Experts have been blaming the alternative capital market for the subdued rate environment because it is willing to accept lower returns.
But Berkley remains committed to the sector nevertheless. “It is the core activity for us as a group,” he said according to a call transcript. There will be an opportunity to scale up the business and deploy capital when market conditions shift, he explained. “Fundamentally, we believe long-term in the reinsurance business,” he said. “We have a great deal of interest in being partners with those that value us beyond just capacity.”
The situation in reinsurance looks somewhat better in the casualty area, Berkley noted. “It seems to have incrementally more legs than the property market,” he said.
“The reinsurers are assuming to get enough leverage that they can push rates up”.
WR Berkley shrank gross premiums in reinsurance to $141.5 million in the first quarter of 2018 from $166.8 million in the same period a year ago. The combined ratio improved to 107.4 percent in the segment from 112.9 percent over the period. Pre-tax income grew to $14.6 million from $4.6 million.

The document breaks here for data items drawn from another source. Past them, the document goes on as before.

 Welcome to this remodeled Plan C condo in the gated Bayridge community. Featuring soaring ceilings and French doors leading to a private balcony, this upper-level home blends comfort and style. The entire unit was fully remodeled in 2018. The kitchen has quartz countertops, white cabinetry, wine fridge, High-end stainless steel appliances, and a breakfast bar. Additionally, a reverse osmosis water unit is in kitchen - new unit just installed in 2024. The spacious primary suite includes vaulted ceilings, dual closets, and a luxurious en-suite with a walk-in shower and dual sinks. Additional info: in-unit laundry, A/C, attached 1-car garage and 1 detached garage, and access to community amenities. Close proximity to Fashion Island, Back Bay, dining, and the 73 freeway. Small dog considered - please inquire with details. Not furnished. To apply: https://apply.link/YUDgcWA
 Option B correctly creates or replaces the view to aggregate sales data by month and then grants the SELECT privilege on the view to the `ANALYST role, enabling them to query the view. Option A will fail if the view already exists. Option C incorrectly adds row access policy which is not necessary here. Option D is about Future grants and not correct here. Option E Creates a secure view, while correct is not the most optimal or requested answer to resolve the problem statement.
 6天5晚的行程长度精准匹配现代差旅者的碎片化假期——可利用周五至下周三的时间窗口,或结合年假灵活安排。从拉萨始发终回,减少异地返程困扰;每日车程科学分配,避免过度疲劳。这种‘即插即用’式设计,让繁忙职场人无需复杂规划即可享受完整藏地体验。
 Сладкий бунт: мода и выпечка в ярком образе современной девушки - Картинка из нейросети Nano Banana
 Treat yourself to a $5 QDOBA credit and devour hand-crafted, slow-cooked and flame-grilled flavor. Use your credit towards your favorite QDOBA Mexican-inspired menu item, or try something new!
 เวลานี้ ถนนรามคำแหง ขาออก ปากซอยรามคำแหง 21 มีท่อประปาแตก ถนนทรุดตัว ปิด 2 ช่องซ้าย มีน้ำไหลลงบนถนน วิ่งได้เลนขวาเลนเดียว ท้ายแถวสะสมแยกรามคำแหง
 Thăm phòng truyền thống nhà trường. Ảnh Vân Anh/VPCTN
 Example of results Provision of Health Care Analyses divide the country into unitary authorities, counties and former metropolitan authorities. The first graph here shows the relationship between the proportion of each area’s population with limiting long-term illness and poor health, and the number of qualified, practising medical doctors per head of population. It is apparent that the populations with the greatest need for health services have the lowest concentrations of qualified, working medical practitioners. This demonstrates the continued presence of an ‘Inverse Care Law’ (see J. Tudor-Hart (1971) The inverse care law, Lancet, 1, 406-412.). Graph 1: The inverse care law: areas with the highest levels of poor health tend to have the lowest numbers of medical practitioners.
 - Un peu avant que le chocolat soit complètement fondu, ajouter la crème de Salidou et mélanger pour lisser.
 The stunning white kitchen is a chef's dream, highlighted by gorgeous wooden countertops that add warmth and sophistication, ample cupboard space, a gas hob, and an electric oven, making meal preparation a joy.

Berkley currently sees more opportunities to grow in the primary market, where casualty remains “quite attractive”, workers compensation “has peaked” but with still plenty of margin in many territories, while there are “pieces of the professional market that are getting some traction”. Berkley is also pleased to see that auto is continuing to build momentum.
Gross premiums written in the insurance segment grew to $1.84 billion in the first quarter of 2018 from $1.77 billion in the same period a year ago. The combined ratio in the segment improved slightly to 93.4 percent from 93.8 percent over the period. Pre-tax income increased to $229.0 million from $200.0 million.

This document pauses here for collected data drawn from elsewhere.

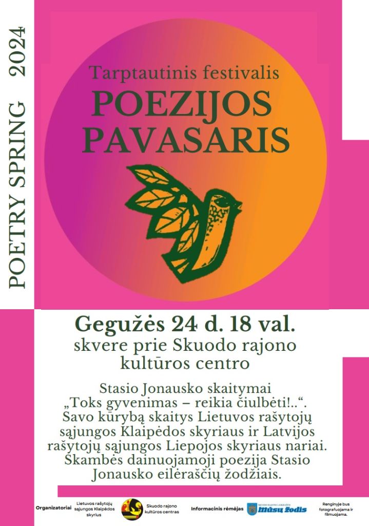 Tarptautinis festivalis „Poezijos pavasaris“ Skuode 2024-05-16 | (0) Tarptautinis festivalis „Poezijos pavasaris“ Skuode Prenumeruokite „Mūsų žodį“ 2026-iems metams
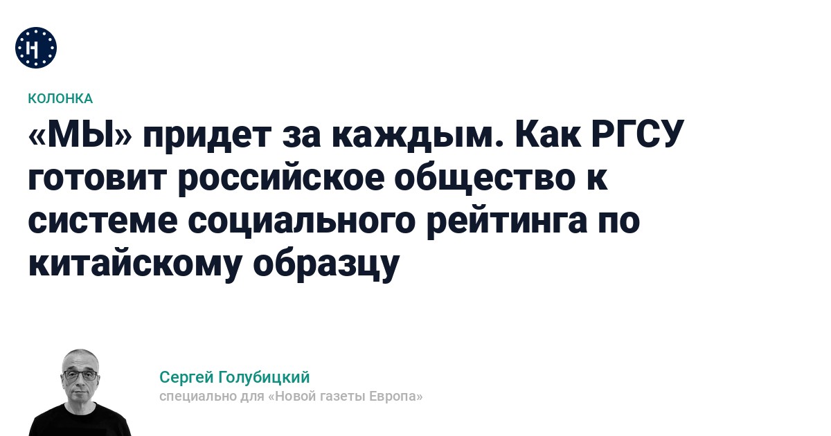 «Первое упоминание о платформе ”МЫ” появилось на сайте РГСУ в сентябре 2022 в совместном докладе первого проректора вуза Джомарта Алиева и декана факультета политических и социальных технологий Светланы Бородулиной». Дальнейшая эволюция инициативы хорошо отслеживается по статье «РГСУ тестирует систему социального рейтинга ”МЫ”», опубликованной на правильном портале «Ведомостей».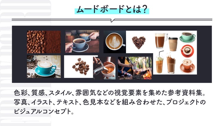 ムードボードは、色彩、質感、スタイル、雰囲気などの視覚要素を集めたプロジェクトのビジュアルコンセプトです。プロジェクトが目指す世界観を、言葉だけではなく、目に見える形で定義します。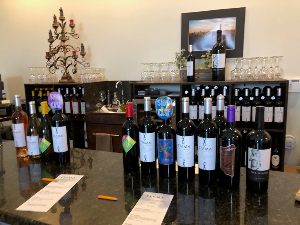 Walked into Stama Winery and was greeted by Sayde. I was immediately intrigued by her name as “Sadie” is my mother’s name and I rarely meet anyone with the same name (different spelling, in this case). There was another group tasting when we arrived, but Sayde easily bounced back and forth, making sure everyone had what they needed.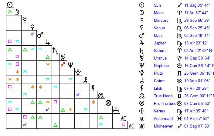 | Sun | 11 Sagittarius 10 | 11 Sagittarius 47 | 9 Aries 21 |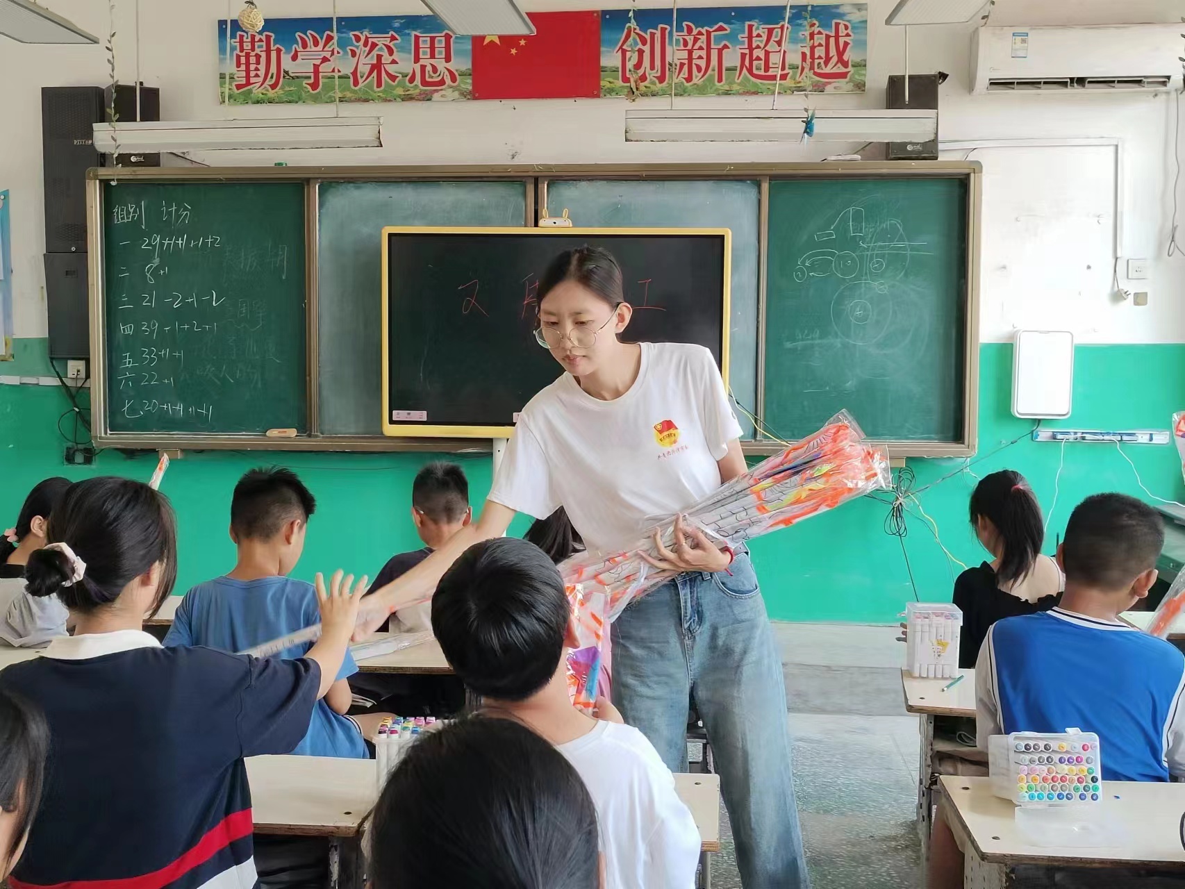7月26日上午9点,太阳成集团tyc151cc小树林支教团“山荷”支教队大屯分队开始了一天的七彩课程教授和趣味活动的开展。早上的课程分别由苏立朋同学和刘贝贝同学带来,课程分别是青少年法制安全教育和手工课程——风筝制作。下午的三节课程分别由四位同学来完成,分别是康嘉萌同学带来的网络安全教育课、闫舒同学带来的英语音标讲解以及梁文誉、邓雨洁两位同学合力带来的防性侵主题教育课。整体而言,今天的课程丰富而多彩,不仅包含了有趣的手工制作课,还涉及了很多重要的知识讲解课,孩子们在一天的学习和体验中收获满满,回味无穷。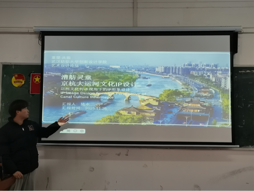 视传2516班的陆水同学,以《大运河文化IP设计》为汇报主题。其设计深度挖掘大运河文化底蕴,将“桥”与“龙”两大核心元素巧妙融合——桥象征大运河的连通属性,龙代表文化的传承与灵动,二者共同构成IP的主体形象。同时,陆水同学还配套制作了系列主题海报,通过色彩层次与构图变化,展现大运河从历史到现代的变迁,内容涵盖文化故事、地域特色等维度,让静态IP形象与动态文化叙事形成共振,为传统文化的现代表达提供了新路径。
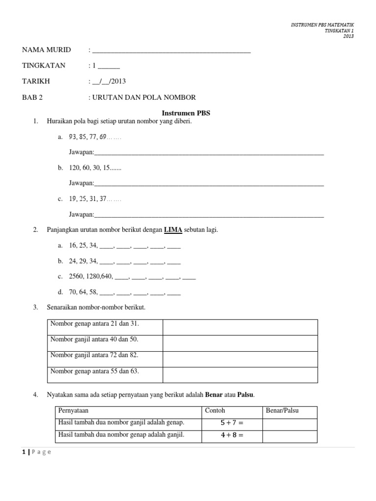 Latihan Matematik Tahun 4 5 Kelas Matematik Cikgu Kj Facebook from lookaside.fbsbx.com List all the odd numbers that less than 16. Pola nombor belajar berkenaan pola nombor samada menaik atau menurun id: Azan (pendidikan islam tahun 5) sortare în funcție de grup. Unit 2.0 soalan matematik tingkatan 2 pola dan jujukan Nombor bulat hingga 100standard kandungan: 1) huraikan pola nombor bagi urutan setiap nombor berikut 1. Matematik tahun 2 60 markah jawab semua soalan. Kedua, perpanjang stnk sekaligus ganti plat nomor kendaraan setiap 5 tahun sekali.

“We grow where the margin is and we shrink where it isn’t,” Berkley said. “Reinsurance still remains exceptionally competitive and as a result of that you can see that we’re off considerably. On the other hand, the insurance market, we still find opportunity there. And it’s meaningful and as a result of that the insurance business grew more than 3 percent,” Berkley said.
Overall, WR Berkley grew net premiums written slightly to $1.67 billion in the first quarter of 2018 from $1.65 billion a year ago. Net income increased to $166.4 million from $123.4 million over the period.